Castillo has been formally abandoned by the party that brought him to government and, with minimal popularity levels, he is at risk of being removed by Congress.

In Ecuador, a dollarized country, the government and indigenous people began talks on Wednesday about more fuel subsidies and debt forgiveness, two critical issues that motivated the violent protests last month, which left six dead.

The negotiation process, which is expected to last 90 days and which, if it fails, could lead to new protests, is part of the agreement that both parties signed two weeks ago to end 18 days of demonstrations and in which the Executive agreed to lower the price of fuel by up to 8%. With the reduction, the gallon of diesel went from 1.90 to 1.75 dollars and that of common gasoline, from 2.55 to 2.40.

The indigenous movement, which then demanded a reduction of up to 45 cents, proposes more subsidies for the rural sector.

The Government of Guillermo Lasso ordered, in addition to a cancellation of debts of small farmers, an increase in assistance for low-income families and subsidies for agricultural inputs, which will cost the State more than 700 million dollars per year.

Chaos in Colombo

In Asia, Sri Lanka yesterday tried to regain a precarious calm after a popular uprising that ended with the government of President Gotabaya Rajapaksa, who fled to Singapore and presented his resignation yesterday with an email sent to Parliament.

After months of protests, a crowd invaded the presidential palace in Colombo on Saturday, the corollary of a serious crisis caused by the lack of foreign currency for imports.

Four out of five inhabitants must skip a meal due to the catastrophic economic situation. The country declared in April a default on its debt of 51,000 million dollars and is in negotiations with the International Monetary Fund (IMF).

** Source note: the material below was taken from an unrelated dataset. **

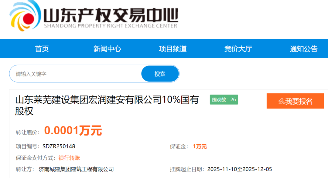 11月10日,濟南城建集團建筑工程有限公司以1元底價在山東產權交易中心掛牌轉讓山東萊蕪建設集團宏潤建安有限公司(下稱“宏潤建安”)10%國有股權。

The lack of foreign currency caused a fuel shortage that has almost paralyzed the country.

Prime Minister Ranil Wickremesinghe, whom the president appointed as interim head of state in his absence, called for the eviction of state buildings and instructed security forces to do whatever “necessary to restore order.”

The curfew was lifted early yesterday, but police said a soldier and an officer were injured in clashes overnight outside Parliament.

affected continent

In North Africa, Tunisia is facing a food crisis due to the Russian blockade of cereals from Ukraine caused by the Russian invasion and the increase in international prices.

Likewise, El País reported yesterday that “the rise in prices in Africa, especially gasoline and basic necessities, due to the war in Ukraine, with an inflation rate of over 14% in a dozen countries and runaway in many of them, it is already generating the first consequences in the form of increasingly intense citizen protests”.

Specifically, the Spanish newspaper mentions the cases of Ghana, Sierra Leone, Zimbabwe and Ethiopia. Likewise, in South Africa and Senegal, “recent political demonstrations led by the opposition also have an economic background, of citizen weariness in the face of famine.”